[Data extracted from a collection]
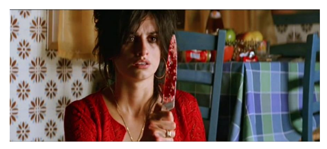
Figure 29. Raimunda contemplates Paco's blood

While Paula and Raimunda are capable of 'handling' a masculine weapon, the camera's fixation on Raimunda's breasts in relation with the knife is as much a celebration of her body as an objectification, especially given the fragmentation of her anatomy. This constructs Raimunda as an object of desire for viewers, very much in line with the universalisation of the masculine cinematic gaze analysed by Laura Mulvey.<sup>30</sup>
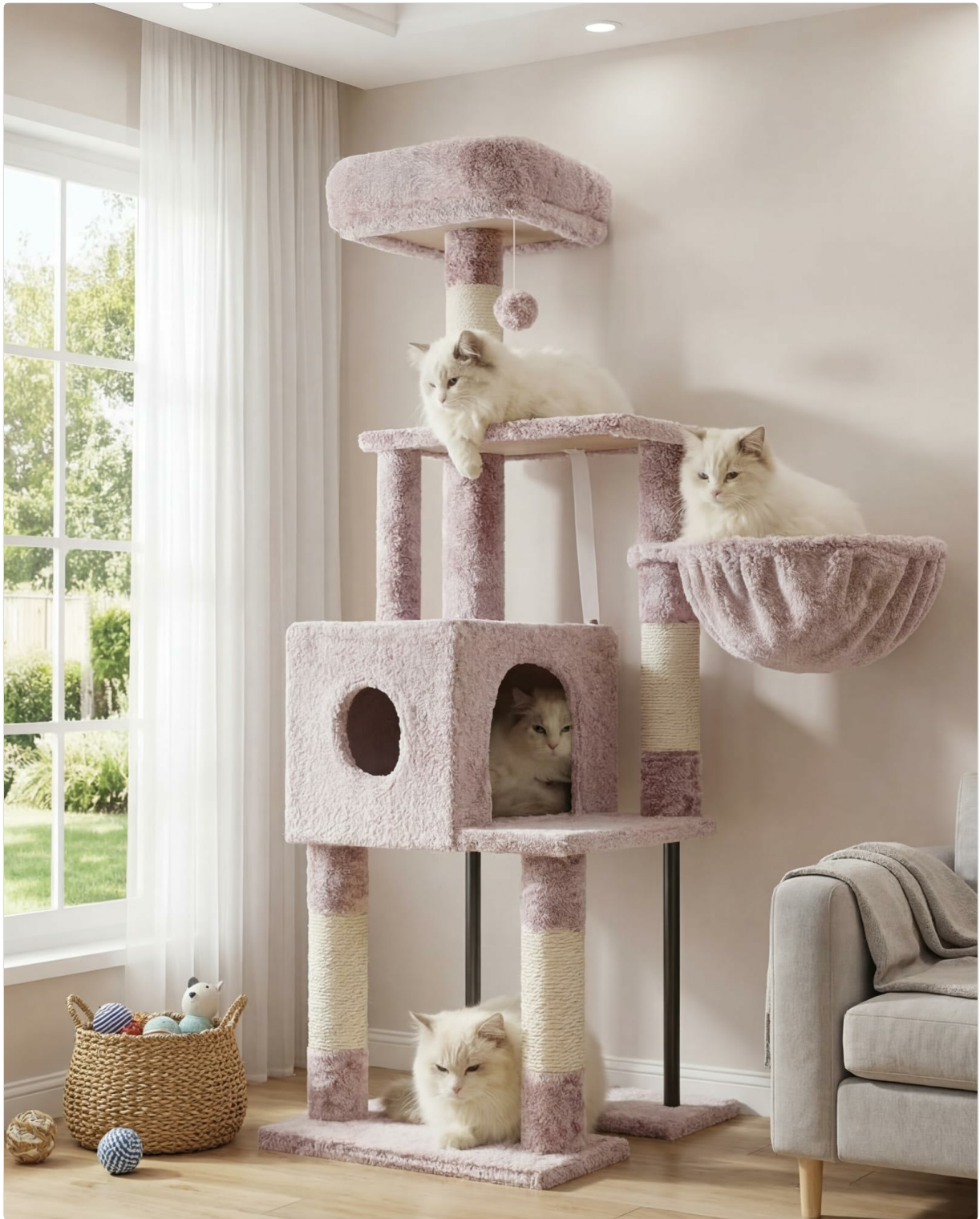
Image 1: The Heybly HCT200SMU Cat Tree, showcasing its multi-level design and various features, with cats resting on platforms and inside the condo.
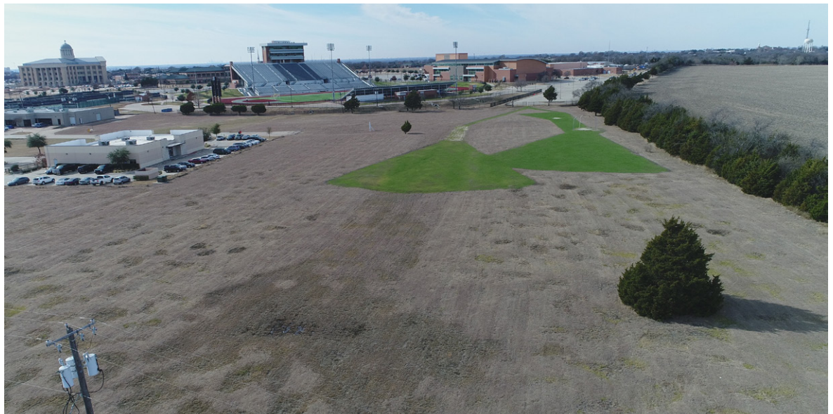
7.25 Acres Looking West
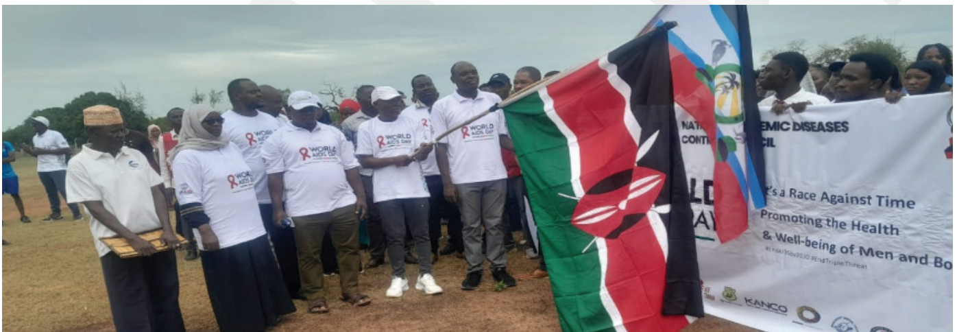
Kwale and Msambweni Campuses.
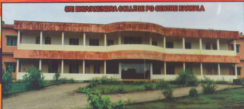
SRI BHUVANENDRA COLLEGE PG CENTRE KARKALA

Sri Bhuvanendra College is my Alma Mater. I am proud of her rich traditions and great achievements. I Pledge my devotion to her and shall always strive to be worthy of her.
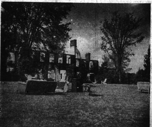
ONLY THE OUTER WALLS REMAIN of the Mrs. Francis Palms home on Eastways road, near Square Lake, Bloomfield township as a result of a windup fire late in September. Damage was estimated at $350,000 to the 25-room, three story mansion. Seven trucks from four fire departments were at the scene.

▸ **EXERCISE INSTRUCTIONS**
Each line that includes the string "with" should be copied from the data.

▸ **SOLUTION**
While Paula and Raimunda are capable of 'handling' a masculine weapon, the camera's fixation on Raimunda's breasts in relation with the knife is as much a celebration of her body as an objectification, especially given the fragmentation of her anatomy. This constructs Raimunda as an object of desire for viewers, very much in line with the universalisation of the masculine cinematic gaze analysed by Laura Mulvey.<sup>30</sup>
Image 1: The Heybly HCT200SMU Cat Tree, showcasing its multi-level design and various features, with cats resting on platforms and inside the condo.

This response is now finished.